Letting women be Women. Then men can be Men.
After this weekend I feel the amazing task and blessing of being a woman. And not just being a woman but being a woman of God. Saturday was the General Relief Society meeting and I have not felt more filled and inspired by one in ages.
I love our leadership.
I love our calling as women.
And mostly I loved the fact that we have been righteous enough to get some marching orders. These meetings are usually really wonderful but I, sometimes, walk away feeling kind of patted on the head. They tell us that we're wonderful and that they love us and that we're doing a wonderful job and what we do doesn't go unnoticed and I bet a lot of us really need to hear that. If not they probably wouldn't have said it. But I sometimes feel like I failed a little too because I never felt very instructed, just praised. I don't know if its my manic tasky nature but it always felt like more of a spiritual bubble bath than a work out. And I expect a training session at General meetings - ya know?
But not this last time. Its probably just a case of me cleaning out the wax from my own ears but I really felt praised and inspired and instructed. Sister Beck and her councillors are so marvelous. I tear up just thinking about them and their tender, intensely feminine strength and their charge and belief in us to become not just members of The Church but Defenders of it.

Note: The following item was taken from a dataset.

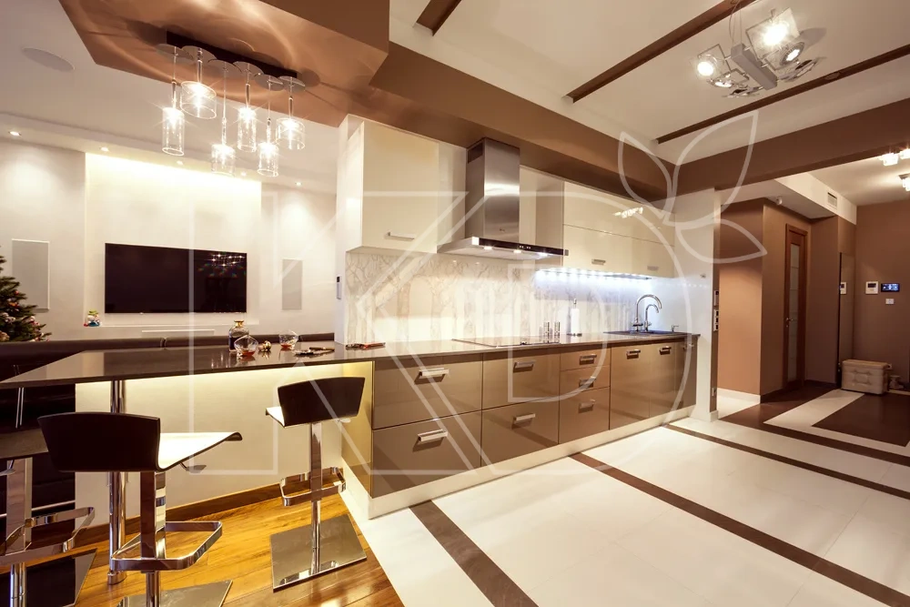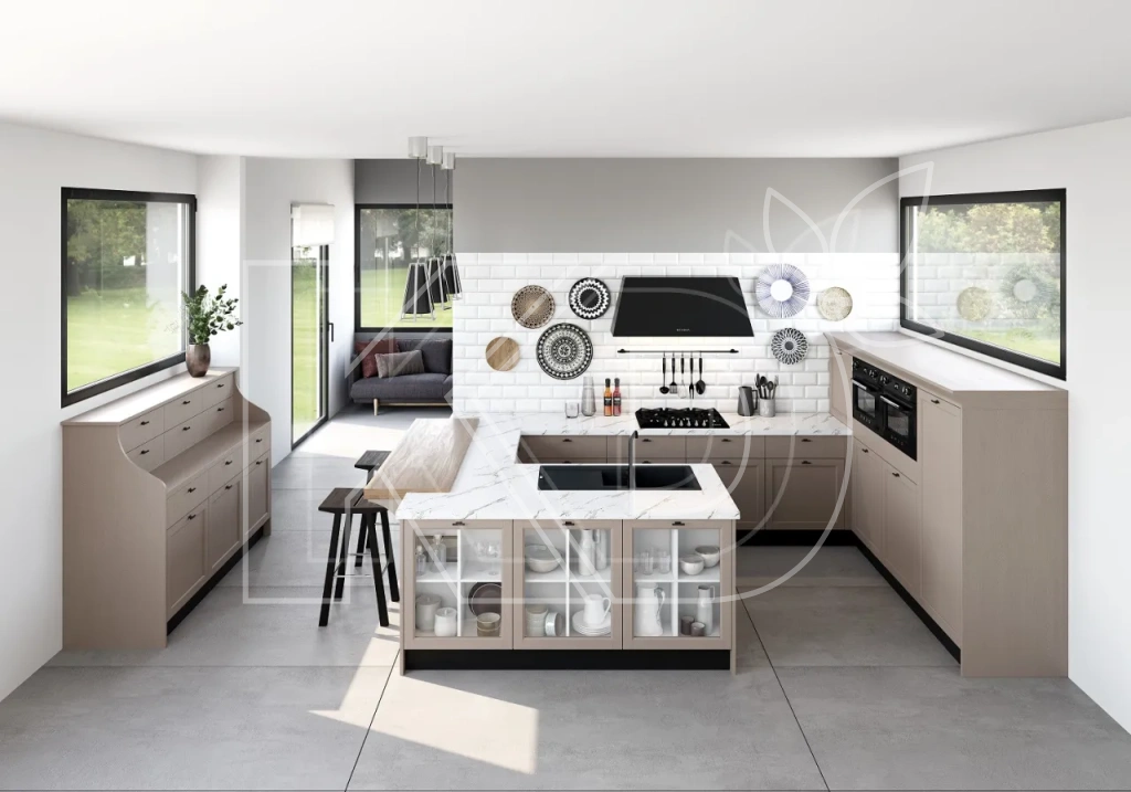 Владельцы просторных квартир и загородных домов часто прибегают к применению П-образных комплектов. Благодаря этому обеспечивается несколько рабочих зон и большое количество места для посуды, бытовой техники.

Schooled, learned, tried and passionate defenders of marriage and family and the home by means of being scholars of the doctrines of Jesus Christ and being unmoved in our testimonies. Not because we can do hospital bed corners in 10 seconds flat. Not because we're canning machines. Not because we've quilted enough blankets to build a bridge between Salt Lake and Nigeria. No - that is all secondary to our studied out personal findings of the scriptures and our relationship with the Lord. I love it.
And what more important things can we be called to take proverbial arms up for? What is it that we're programmed to do above all else? And to do it as Women of God and with His blessing and power. I can't say it enough -
Its a marvelous thing to be a woman.
And its a beautiful thing to be a Woman of God.